FCPA Investigations Without Breaking the Bank

by Roscoe Howard
January 26, 2018
in FCPA, Featured
calculator and piggy bank

How to Conduct Thorough, Budget Friendly Investigations

Costs can balloon quickly in FCPA investigations, however, these investigations don’t have to spin out of fiscal control. Corporate counsel can and should get to the root of alleged violations – certainly before the government does – without “boiling the ocean” to unearth the facts and decimating the organization’s bottom line. Based on Roscoe, Michael and Pat’s experience managing corporate investigations, both as defense counsel and as federal prosecutors, they recommend three fundamental best practices for conducting FCPA inquiries.

Co-authored by Michael Battle and Patrick Miles, Barnes & Thornburg LLP

Corporate investigations come with a hefty price tag in both dollars and risk. This reality makes it imperative that in-house counsel makes smart, informed decisions before and during internal investigations – especially those inquiries related to potential violations of the Foreign Corrupt Practices Act (FCPA).

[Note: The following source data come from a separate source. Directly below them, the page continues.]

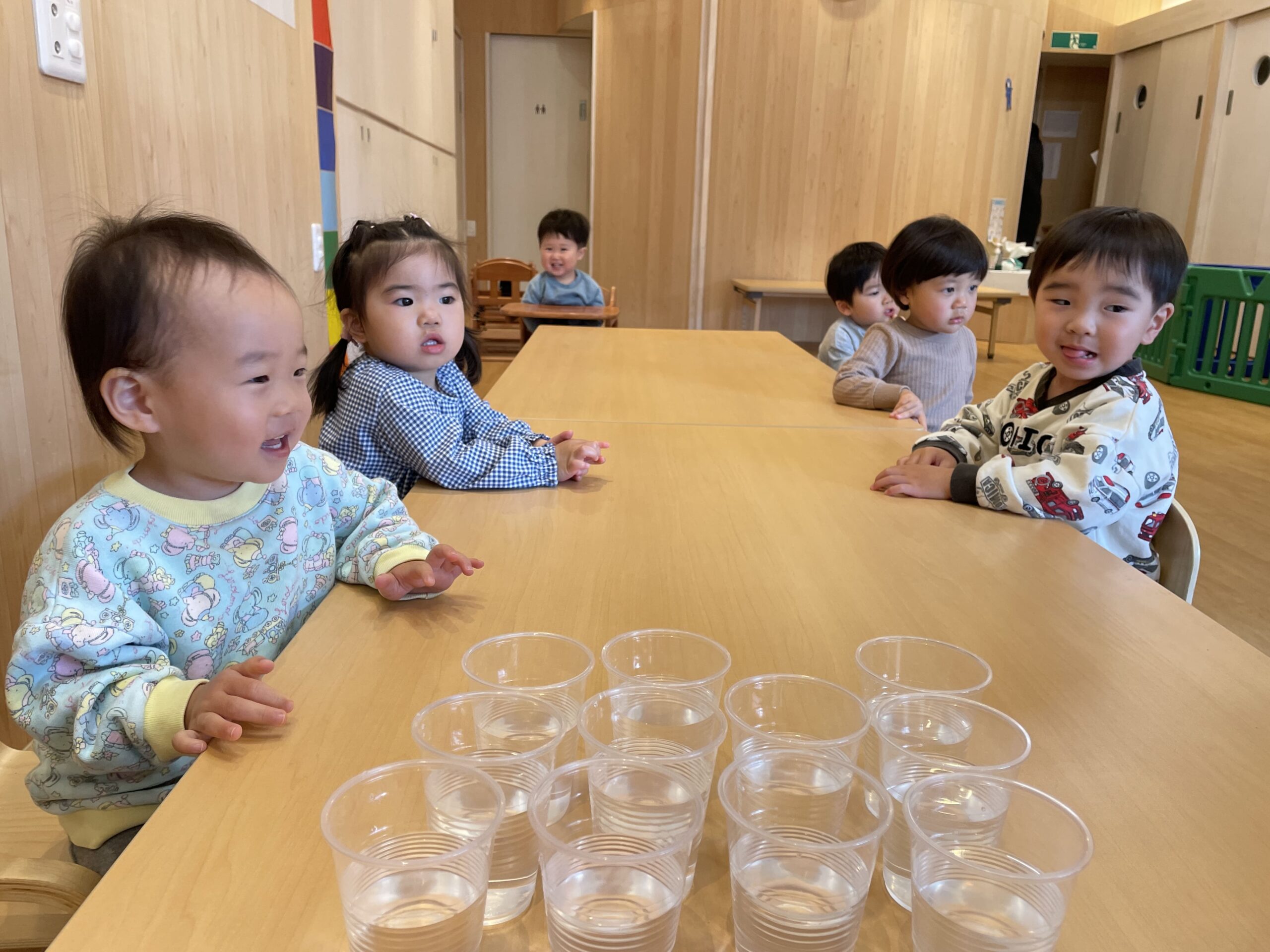 透明のカップにぬるめの白湯を用意して、ストローを使った実験を行いました。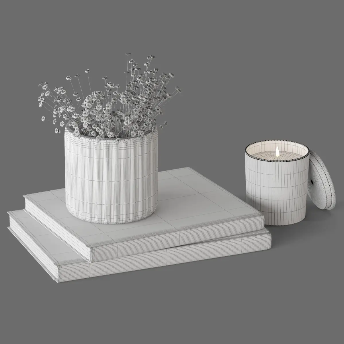*This 3d model Decor Set 25 Gypsophila in a vase, books and a candle has fully textured, detailed design that allows for close-up realistic renders. *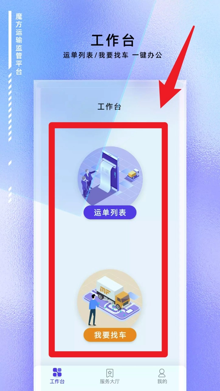 2. 成功登录后,点击底部导航栏的「工作台」,进入包含运单列表与找车功能的页面。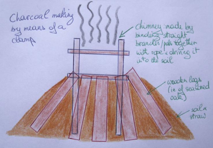 MAKE A MEME View Large Image Charcoal clamp.JPG en A schematic of a clamp Wooden logs are about 1 3m high and width between the stakes of the chimney is about the length of a stretched arm 70cm own KVDP 2010-02-15 Cc-zero Charcoal piles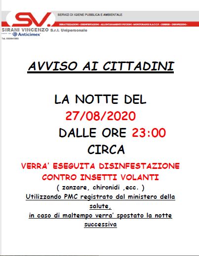 Si avvisa la cittadinanza che nella notte di giovedì 27.08.2020 dalle ore 23.00 verrà eseguita, da apposita ditta specializzata, una disinfestazione contro insetti volanti (zanzare, chironidi etc.) nel territorio comunale di Sergnano. In caso di maltempo la disinfestazione verrà eseguita la notte successiva.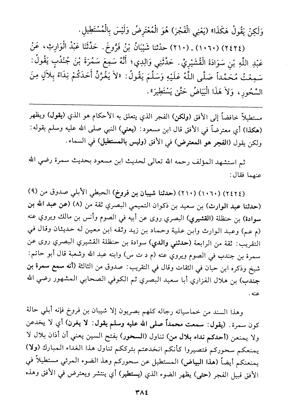 (٢٤٢٤) (١٠٦٥) - (٢١٠) حدَّثنا شَيبَانُ بْنُ فَرُّوخَ. حَدَّثَنَا عَبْدُ الْوَارِثِ، عَنْ عَبْدِ اللهِ بْنِ سَوَادَةَ الْقُشَيرِيِّ. حَدَّثَنِي وَالِدِي؛ أَنَّهُ سَمِعَ سَمُرَةَ بْنَ جُنْدُبٍ يَقُولُ: سَمِعْتُ مُحَمَّدًا صَلَّى اللهُ عَلَيهِ وَسَلَّمَ يَقُولُ: "لَا يَغُرَّنَّ أَحَدَكُمْ نِدَاءُ بِلالٍ مِنَ السَّحُورِ، وَلَا هَذَا الْبَيَاضُ حَتَّى يَسْتَطِيرَ"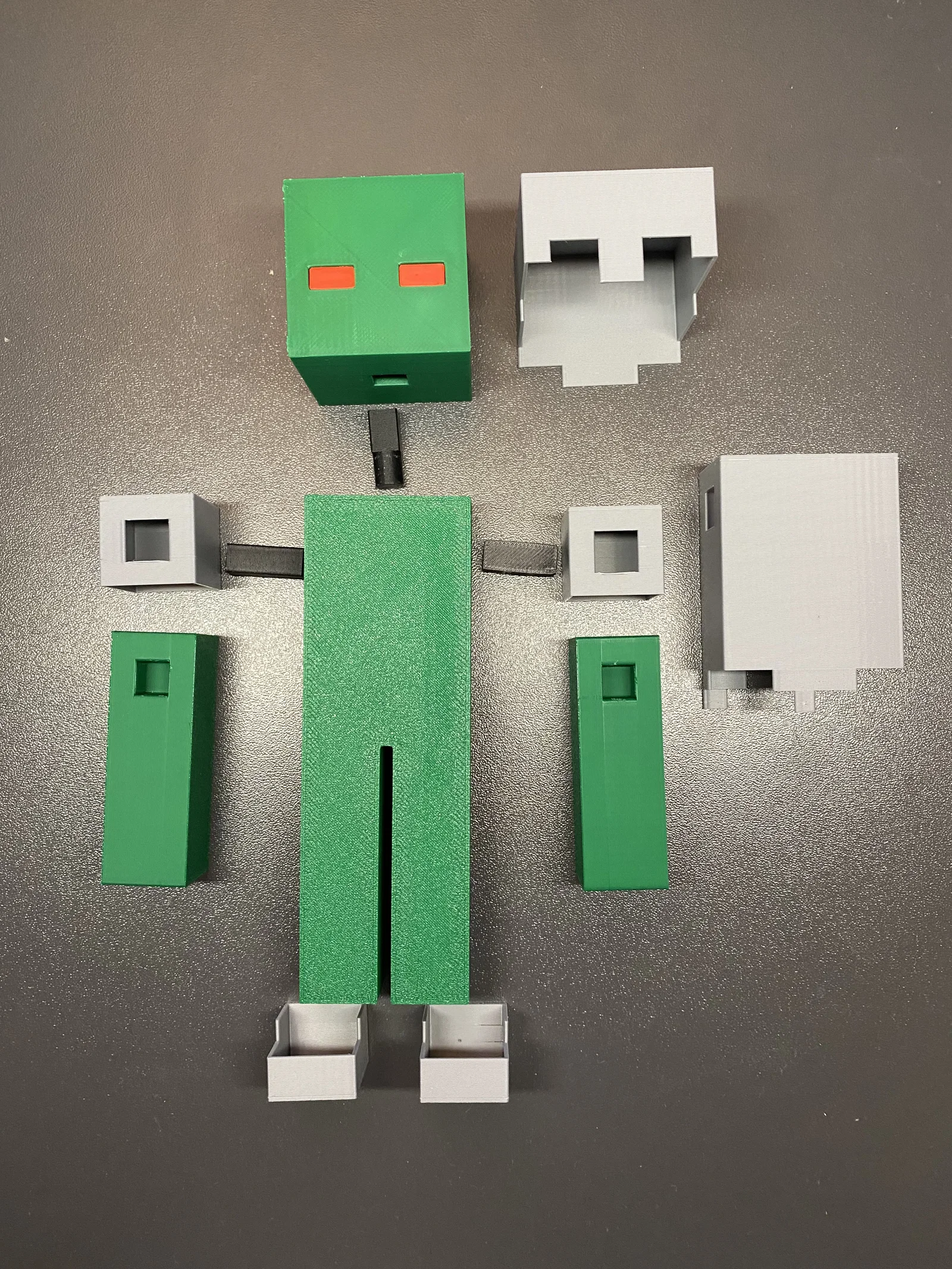 Hãy thử ngay mẫu Zombie này! Mô hình rất dễ lắp ráp. Bạn có thể tải xuống file .stl (mỗi phần nằm trong một file riêng). Đây là lựa chọn tuyệt vời cho những ai yêu thích thế giới Minecraft và muốn tự tay in 3D nhân vật này.
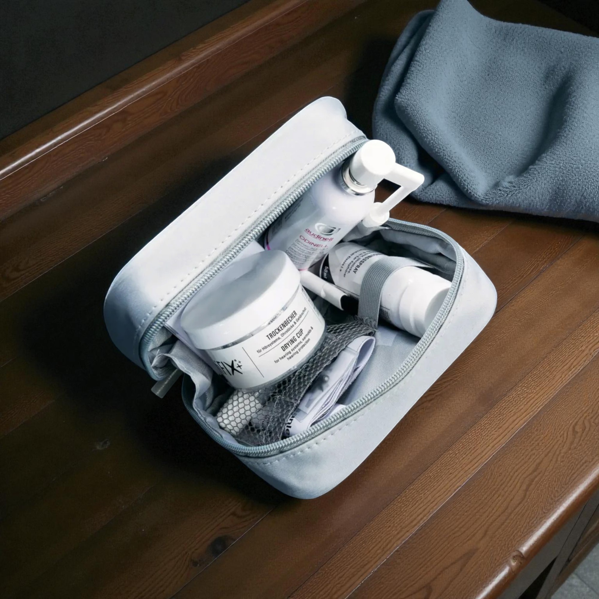 Das Trocknungsset verhindert, dass Feuchtigkeit im Gerät oder Empfänger verbleibt. Regelmäßiges Trocknen verlängert die Lebensdauer Ihrer Hörgeräte erheblich. -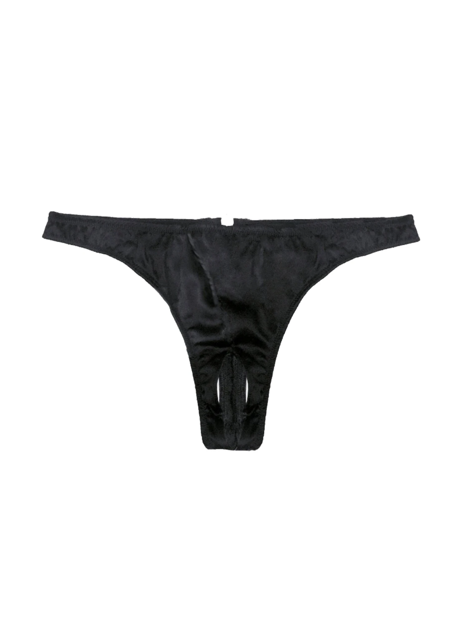 Seriously sexy. Our Luxe Crotchless Thong features o-ring cutout panel at back. Top stitch and front bow detailing. Complete the set with the Luxe Ouvert Bra.
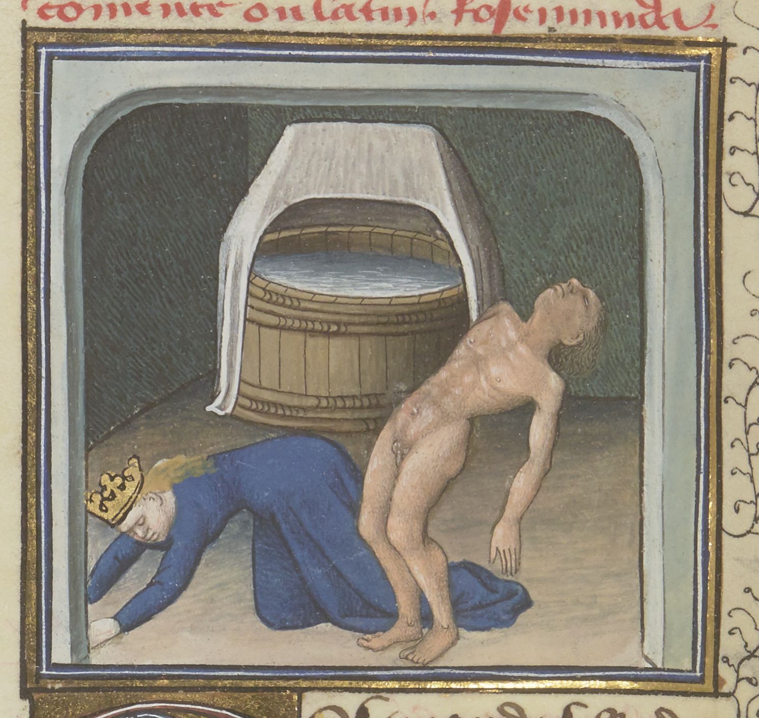 Parigi, Bibliothèque Nationale de France, Fr. 229, f. 347v. Il copista del manoscritto è Boniface de Remenant. La regina Rosmunda e lo scudiero Elmichi muoiono avvelenati nel bagno.

Costs can balloon quickly in FCPA investigations, thanks in part to the need for international air travel, the complexity of global corporate operations and the U.S. Department of Justice’s continued scrutiny of those matters.  As corporate legal department leaders monitor expenses, they must avoid the temptation to cut investigative corners for the sake of attempting to preserve their litigation or investigation budgets. Doing so could cost far more – prompting whistleblower activity, risking damaged reputations and lost revenue, and even threatening the personal freedom of corporate employees – than mounting legal bills.

Most executives understand the stakes involved in criminal corporate investigations, as evidenced by the spiraling costs of internal FCPA investigations disclosed by several public companies. Walmart has spent more than $865 million on a single ongoing investigation since 2013, while Siemens spent more than $1 billion investigating FCPA violations before resolving that matter in 2008.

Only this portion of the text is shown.